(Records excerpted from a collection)
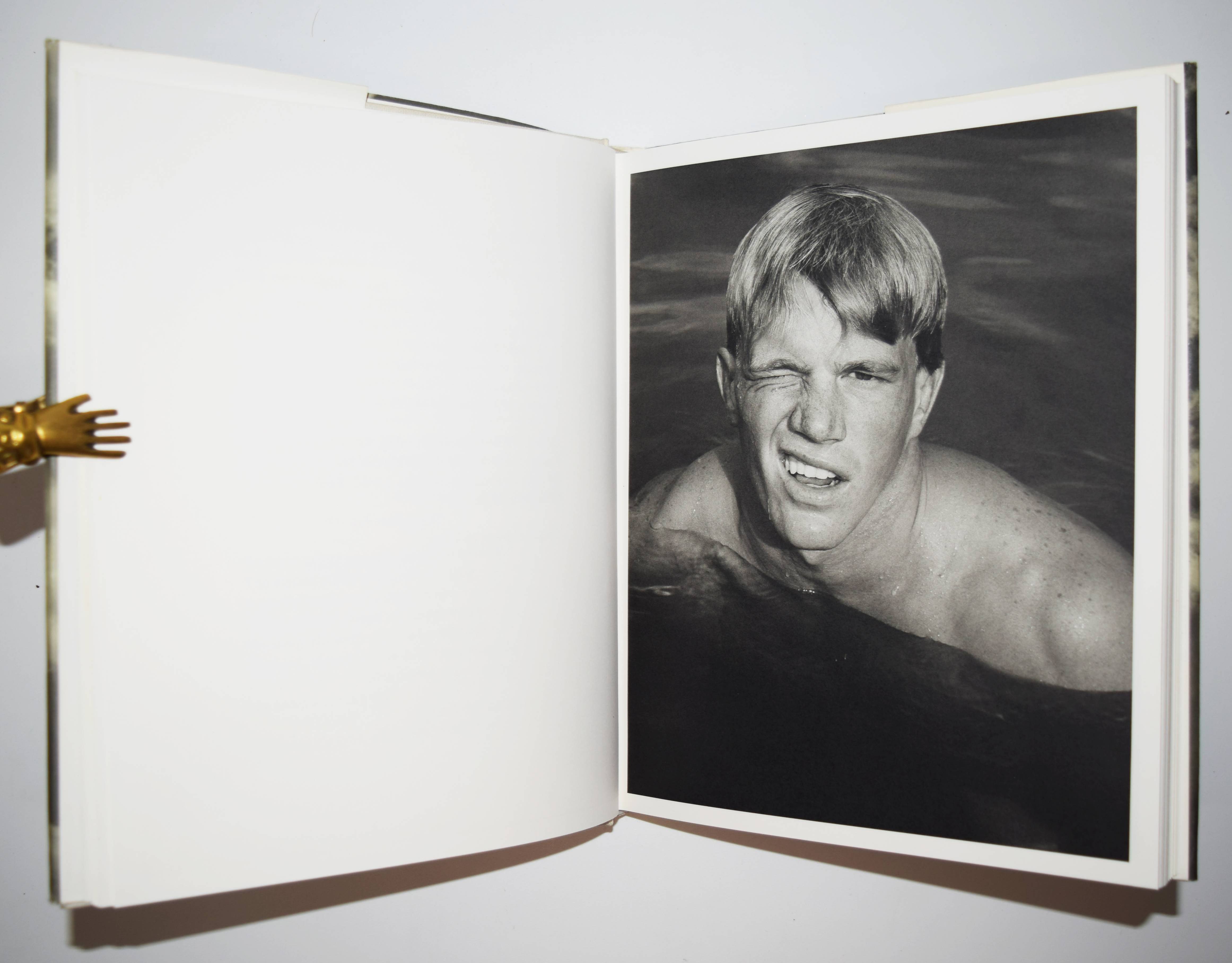 Weber, Bruce. Bear Pond. (Essay „Gold Day“ by Reynolds Price. Design by John Cheim). New York, Bulfinch Press, Little, Brown and Company (1990). 4° (26 x 21 cm.). [7] Bl., 100 Duotone-Tafeln, [5] Bl. Orig.-Leinenband mit illustr. Schutzumschlag. Auer 685. Bertolotti 265. Koetzle, Fotografen A-Z 422. Roth, The Open Book 346 f. – Erste Ausgabe. – Eines der wichtigsten Akt-Fotobücher des „Kultfotograf der 80er und 90er Jahre“ (H.-M. Koetzle). – „In Bear Pond (1990) – as in several of his many photography books-the portraitist and photographer Bruce Weber (born 1946) dwelt on the plastic beauty of the athletic male body. His sculptural nudes are often very natural and relaxed, and are reminiscent of those by the German naturist photographers of the inter-war years; the fascination they exude is of an umistakably homoerotic nature“ (A. Bertolotti). – Sehr gutes sauberes Exemplar.
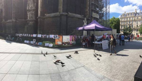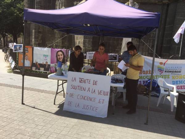 Hôtel de Ville önünde açılan çadırda, tutsak eş başkanlar Figen Yüksekdağ ve Selahattin Demirtaş'ın, Suruç şehitlerinin, açlık grevinin 143 gününde olan Nuriye Gülmen ve Semih Özakça'nın fotoğrafları, "Sur, Cizre, Nusaybin için adalet", "Suruç için adalet", tutuklu gazeteciler Meşale Tolu ve Deniz Yücel'in fotoğraflarının olduğu "Tutuklu gazetecilere özgürlük" yazılı dövizleri açıldı.
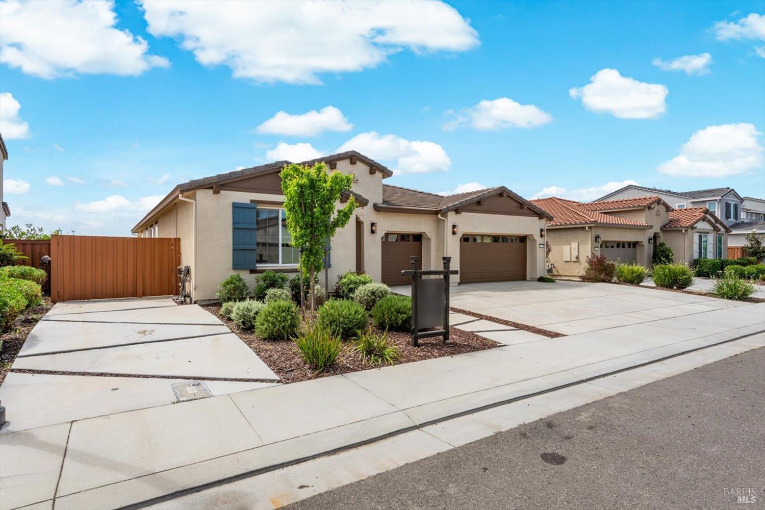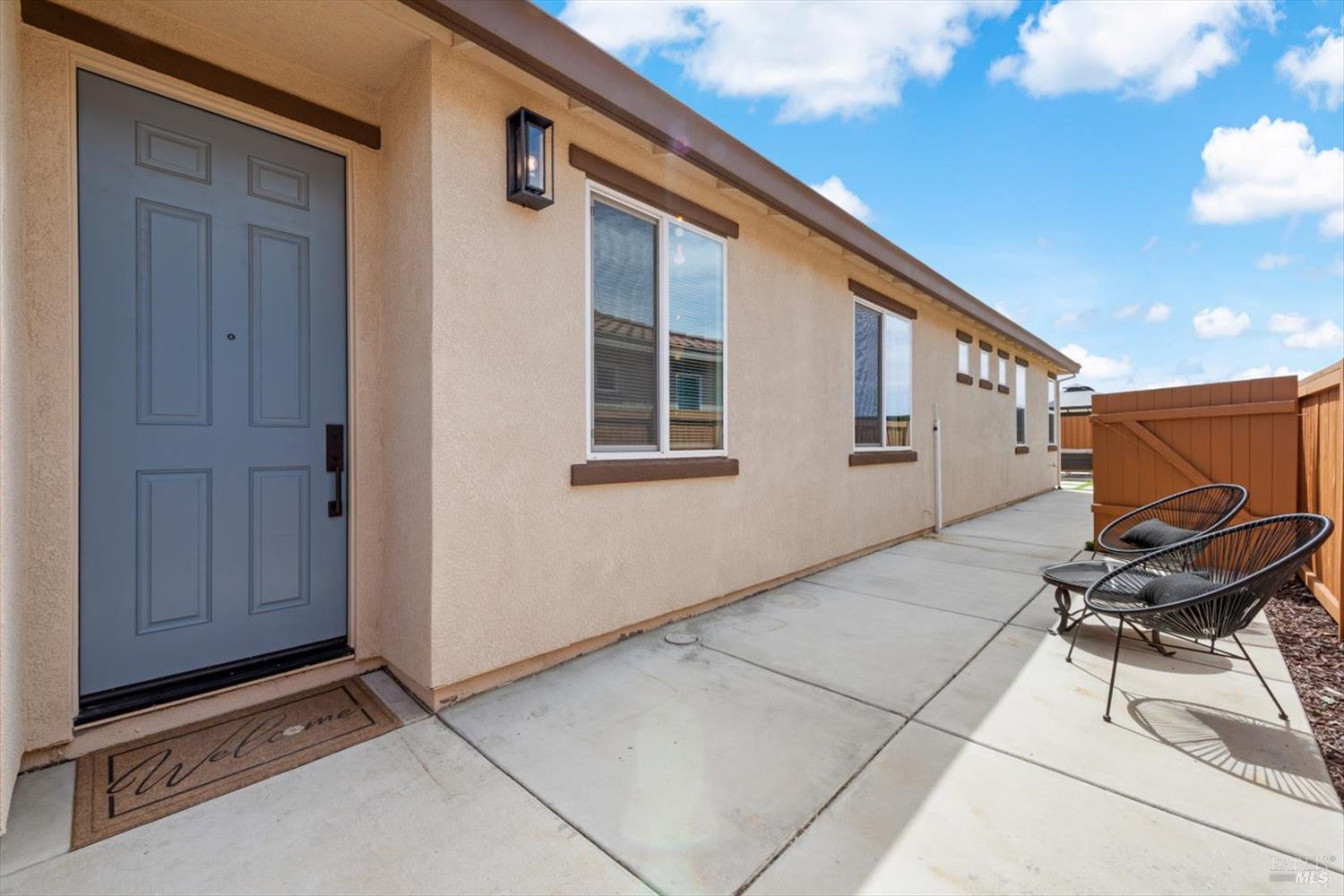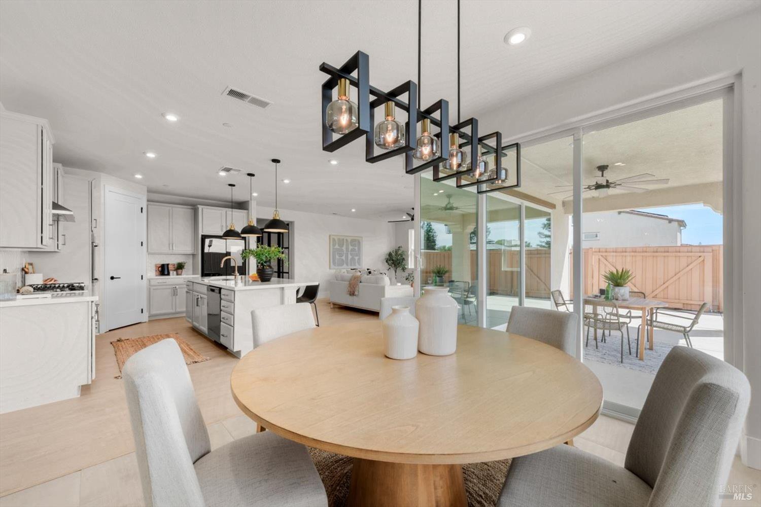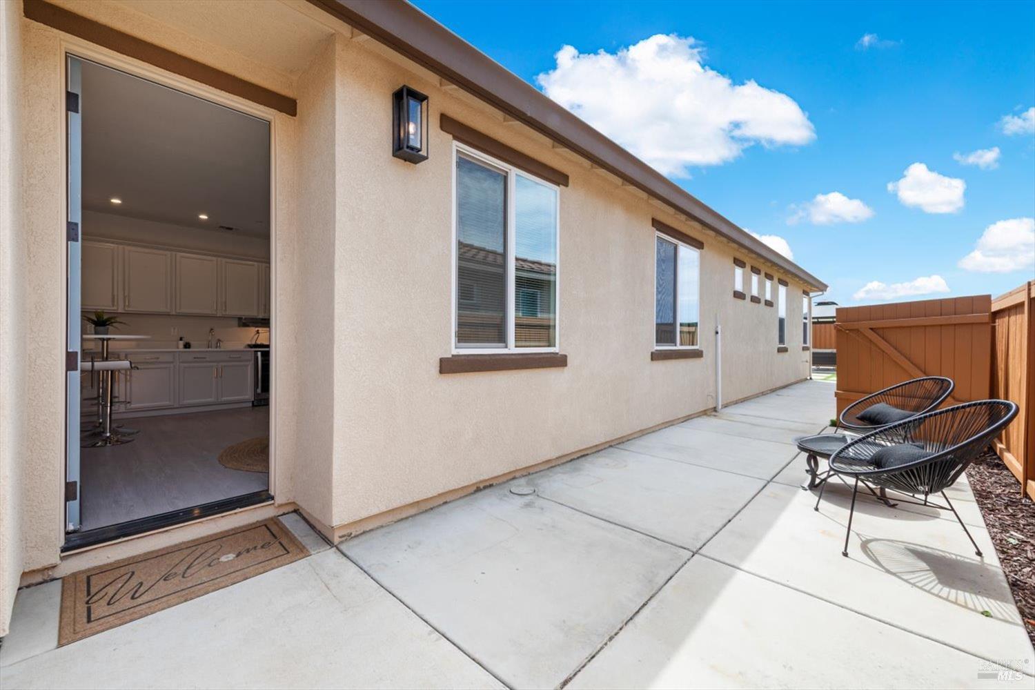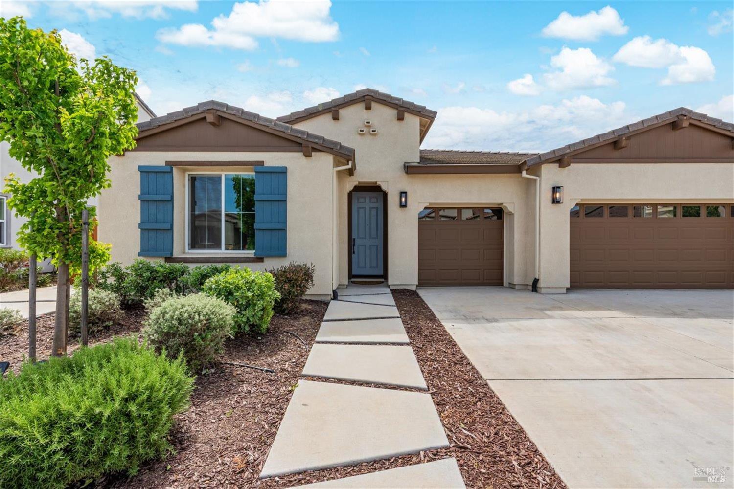 1455 Blossom Way offers nearly 3,000 square feet of single-story living, a 3-car garage, and an attached private, independent living suite. The main home is defined by a floor-to-ceiling, expansive sliding glass door that creates a seamless connection to the outdoors. Built in 2022, this 4-bedroom plus office, 3.5-bathroom home blends modern design with today's living needs. A welcoming entry and elegant hallway lead into the main living space, featuring 9-foot ceilings, where the kitchen, dining, and living areas come together in an open and inviting layout. A striking floor-to-ceiling, sliding glass door spans two walls, creating a seamless connection to the backyard, taking indoor-outdoor living to a whole new level. The kitchen showcases a transitional aesthetic with light gray cabinetry, gold hardware, quartz countertops, a gas cooktop, and a walk-in pantry, blending classic design with current finishes that feel both fresh and timeless. The primary suite offers a spacious retreat with an oversized tiled walk-in shower, dual sinks, and a large walk-in closet with built-in organizers. A dedicated office features a unique interior glass window, creating a connected workspace while still offering separation. Additional highlights include a walk-in laundry room with added storage. Privately positioned, the attached suite includes its own entrance, living room, bedroom, kitchenette, shower stall, walk-in closet, and laundry hookups and private patio. This flexible space works well for extended living, guests, or additional income potential. The backyard provides generous space to gather whether you want to relax or play games on the open turf, all while backing to open space for added privacy. With tall the benefits of newer construction, including energy efficiency, modern systems, plus completed landscaping, this home is move-in ready and conveniently located just minutes from I-80. If you have been searching for true multigenerational living with elevated design, this home delivers.
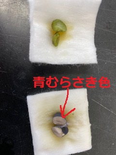 もともと種子の子葉を横に切って、そこにヨウ素液をかけたものと、発芽した後の緑色になった子葉にヨウ素液をかけたものが、一番下の写真です。
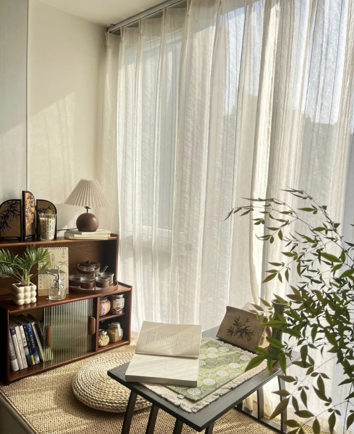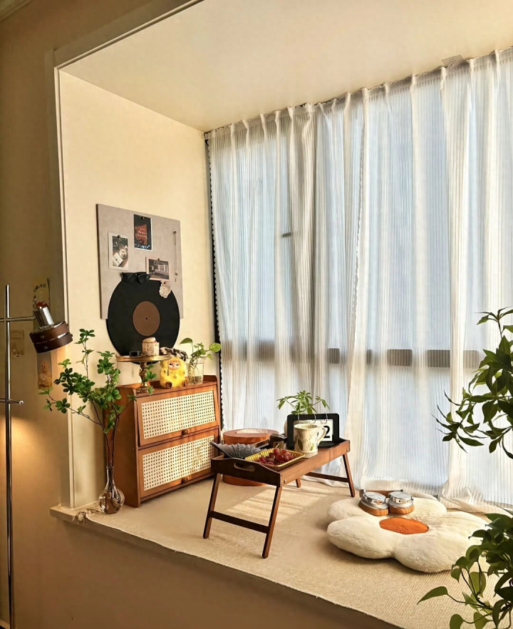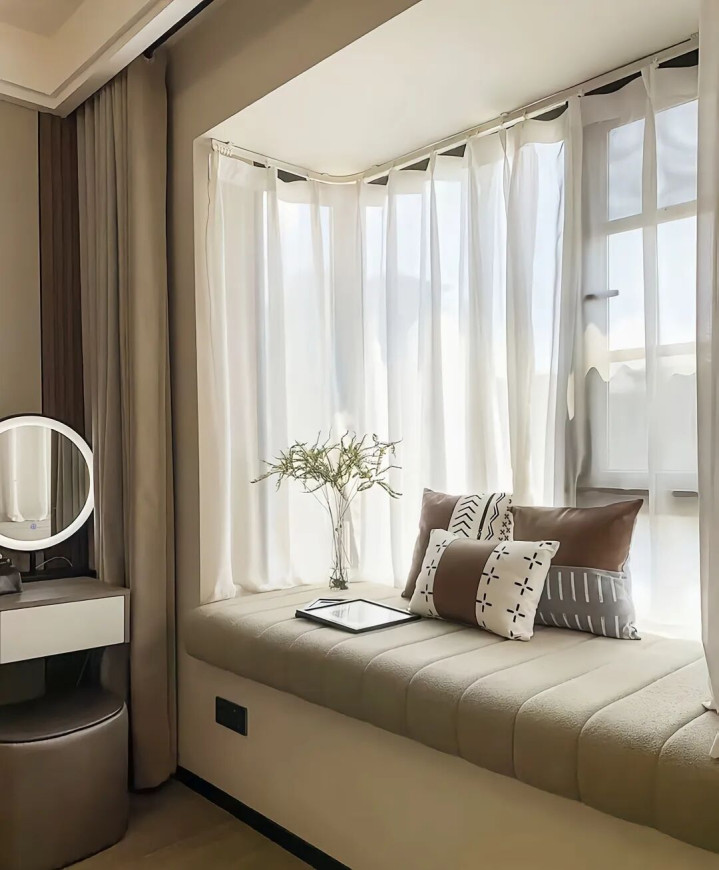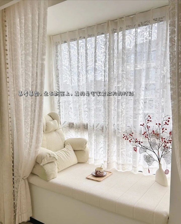 念念让你的房间短暂“变大”,可以辩论把窗帘和纱帘王人装配在飘窗地方的墙面上,最佳围聚飘窗的顶部装,帘子或者逃避总计这个词墙面成果更好。这么一来,卧室就能短暂教训气场,营造出一种宽广而陶然的嗅觉。

Exercise instructions >> Leave out the pictures and copy exactly the lines from the one with "もともと種子の子葉を横に切っ" through the last line of the records above.

Exercise output >>
 もともと種子の子葉を横に切って、そこにヨウ素液をかけたものと、発芽した後の緑色になった子葉にヨウ素液をかけたものが、一番下の写真です。
 念念让你的房间短暂“变大”,可以辩论把窗帘和纱帘王人装配在飘窗地方的墙面上,最佳围聚飘窗的顶部装,帘子或者逃避总计这个词墙面成果更好。这么一来,卧室就能短暂教训气场,营造出一种宽广而陶然的嗅觉。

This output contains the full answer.